The second report on NDTV’s “India’s Dying Beaches” is focussed on the devastation in the state of Orissa.  Despite the evidence of more than 1 to 1 1/2 kilometres of eroded beaches after the development of Paradeep Port in 1968, the Orissa government has 11 new ports slated for development, including 3 major ones.

The accompanying news report is given below:

India’s dying beaches
Sampad Mahapatra
Wednesday, June 03, 2009, (Paradeep, Orissa)

A study conducted recently by the National Institute of Oceanography (NIO), Goa, says that 23 per cent of India’s shoreline is getting eroded with four states — Maharashtra, Orissa, Karnataka and Kerala being the worst affected.

In Orissa, over 100 kms out of the state’s 480-km long coastline are facing erosion.
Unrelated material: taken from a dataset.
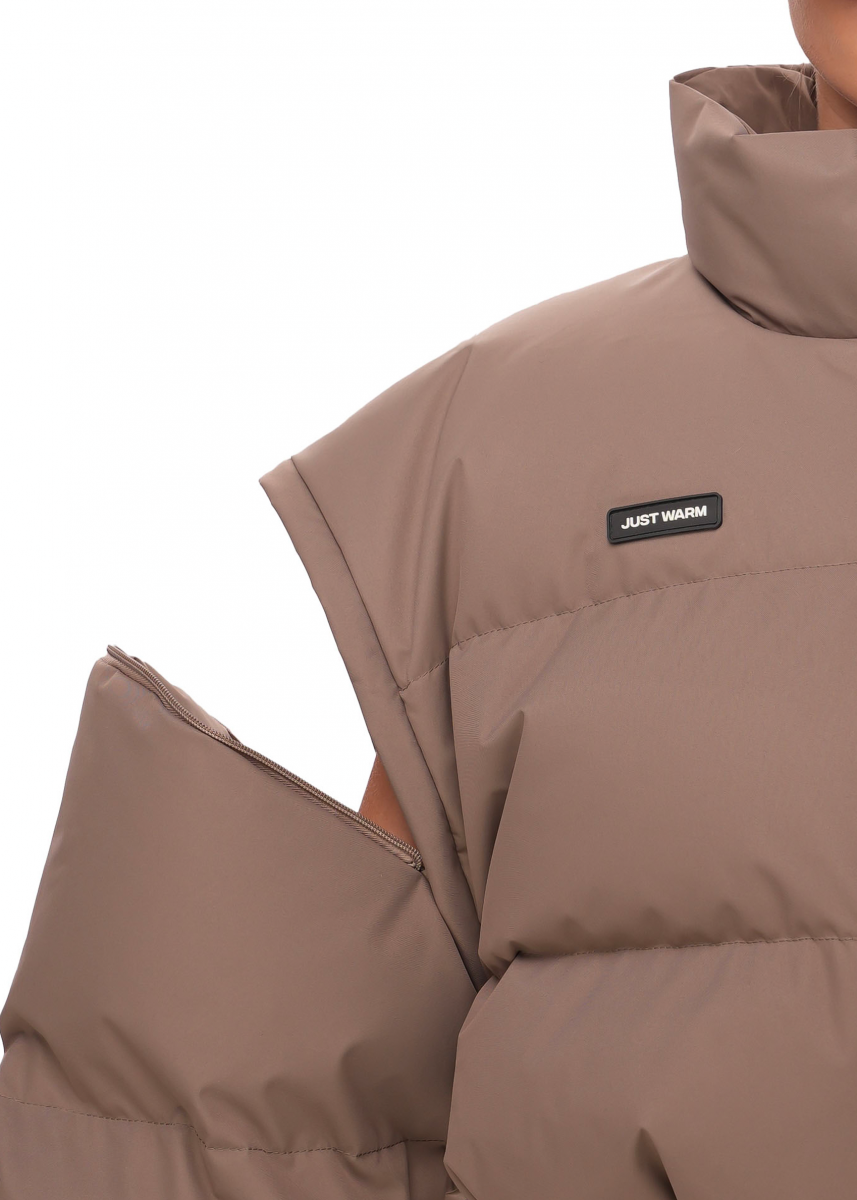 Благодаря съемным карманам на молнии, вы можете легко менять силуэт изделия, трансформируя мини-пуховик в теплый жилет.

One of the causes of beach erosion is human activity that interferes with sea dynamics such as ports.

The Paradeep port, the major port in Orissa, which came up in the late 1960s, has caused massive erosion across beaches up north and the worst example of this is Satbhaya panchayat in Orissa’s Kendrapara district where five hamlets have already been devoured by the sea.

In Orissa’s Kanhupur, five villages have been gobbled up by the sea. Satbhaya in Orissa’s Kendrapara district suffered seriously after the Paradeep port and its artificial breakwaters were built in the late 1960s.

“Scientific studies by the National Institute of Ocean Technology, Chennai have clearly shown that all ports lead to erosion in the north side. Since 1968 when Paradeep Port came up Satbhaya beach has started eroding. In fact the beach has been reduced as much as one to one and half kms since those days,” said Biswajit Mohanty, environmentalist.

The waves keep invading the villages every time the sea turns rough even the artificial sand barrier is no protection at all. So, when storms like Cyclone Aila strike, waves of saline water breached the embankment and inundated nearby villages. Over the years huge stretches of land are lying fallow.

But the Orissa government has not learnt its lessons. It’s hell bent on clearing half a dozen new port projects including three major ones. The state environment department however says there’s no reason for worry.

“We are taking steps and measures to protect the people and the sea-shore by plantations, by rehabilitation. We are taking up mangrove plantation and taking up casuarinas plantation so that sea erosion will not be there,” said Bhagirathi Behera, Director, Environment, Orissa.

Going by the disastrous effects of port-building activity experts have asked the state government to expand and upgrade existing ports rather than go for a string of new ones.

“I don’t know how the government can think of going ahead with 11 ports without having any concern for the effects the ports will have on fishermen, marine ecology and beaches,” said Biswajit Mohanty.

For an establishment drunk with the idea of rapid economic progress at any cost, the idea of protecting and preserving the sandy beaches may appear a little too overbearing but that is a liberty it should not perhaps be allowed to run away with.